こんにちは、とみざわ駅前歯科の大島です。
みなさまいかがお過ごしでしょうか。
前回の続きになります。
三叉神経痛は、病初期段階では典型的な症状を示さないことがあるので、診断に苦慮するケースが多いです。
三叉神経痛は進行性の疾患であるので、進行するにつれ、典型的な症状がそろい、最終的にはくっきりとした典型所見により、確定診断に至ります。
たとえば、病初期には以下の症状があります。
・強い痛みではないが、瞬間的な痛みが1日に何度も生じる
・三叉神経痛様のいたみだがトリガーゾーンがない
・30分ほど持続する鈍痛が1日何回か起こる
など、非典型的な症状が起こることもしばしばです。
痛みの原因がはっきりしていない状況で治療を開始してしまうと、歯の神経に問題ないのに神経を抜く治療を行い、痛みが解消されない上に神経を抜いて歯の寿命を縮めることになりかねないので、我々歯科医師は、慎重に痛みの原因を究明する必要があります。
さて、歯の痛みと勘違いを起こす三叉神経ですが、その原因は加齢による脳動脈の硬化により血管が三叉神経の神経根を圧迫するために生じます。
通常50歳以上で発症するのは、このためになります。
大抵の三叉神経痛は前述の要因で引き起こされますが、10%の割合で脳腫瘍、多発性硬化症などの他疾患が原因で生じることもあります。

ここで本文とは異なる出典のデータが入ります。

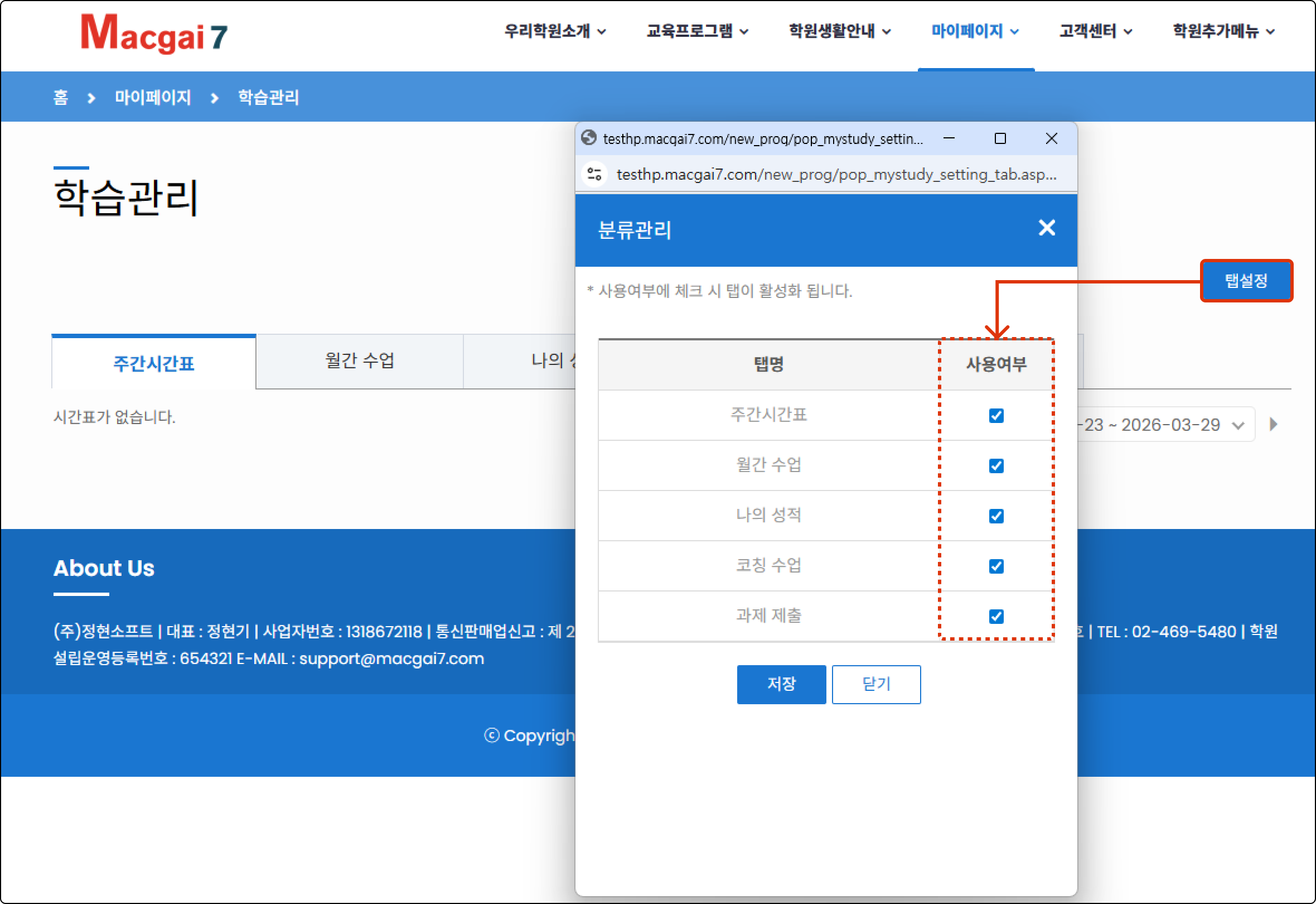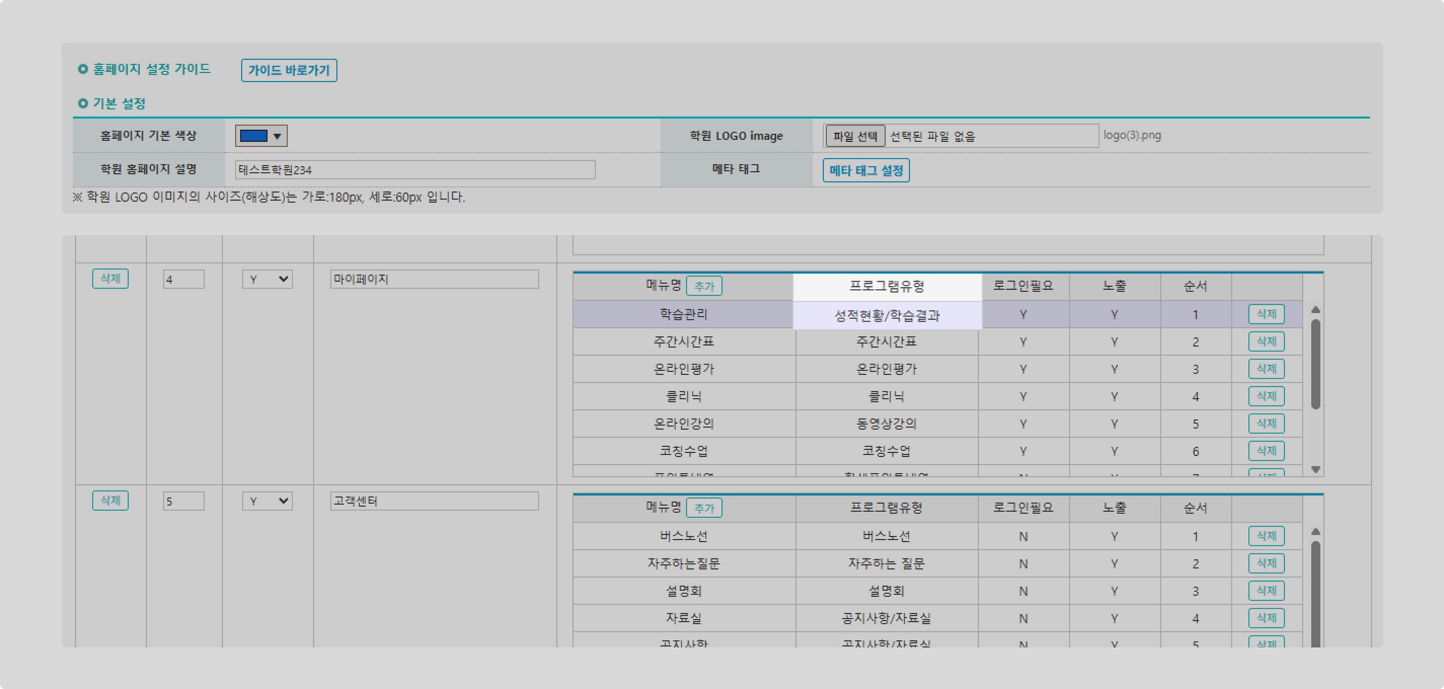 [연동 홈페이지] 학습결과 탭 설정 추가

若年性の三叉神経痛の場合は後者を疑うので、我々歯科医師はすぐ脳神経外科と対診を取り、脳の精査をしてもらいます。
三叉神経痛の治療ですが、薬物療法と外科療法に大別されます。
初期には、ほとんどの症例でカルバマゼピンなどの抗てんかん薬による薬物療法になります。
しかし、副作用の有害事象で服用できなかったり、経年的に薬物が奏功しにくくなった場合には外科療法の適応になります。
三叉神経痛の国際的な第一選択薬はカルバマゼピンで、痛みの原因が三叉神経痛であれば、服用から48時間以内では90%以上で鎮痛が得られます。
カルバマゼピンで疼痛緩和が得られる期間は平均で5~6年で、10年以上効果が持続するのは40~56%という報告があります。
1日最大用量まで服用しても痛みがコントロールできなくなった場合は、プレガバリンやバクロフェンなどを追加することで効果増強が期待できますが、基本的には薬物療法の限界と考えて外科療法に切り替えます。
外科療法では、実際に頭を開いて、神経根を圧迫している血管にフッ素樹脂製のテフロンフェルトをかけて引き離し、固定する方法があります。原因除去療法なので、成功すればほとんど後遺症がないまま三叉神経痛が完治し、再発の可能性も低いです。
しかしながら、極めて術者の技量が求められる難しい治療ですので、執刀する外科医によって成功率が左右する療法となります。
もっとも多い合併症として、顔面神経麻痺や聴覚低下・喪失などがあります。
また、0.1~1%の死亡例も報告されています。
外科療法まで移行した場合、歯の治療以上の侵襲治療になりますので、三叉神経痛を予防する上でも、生活習慣には気を付けないとですね。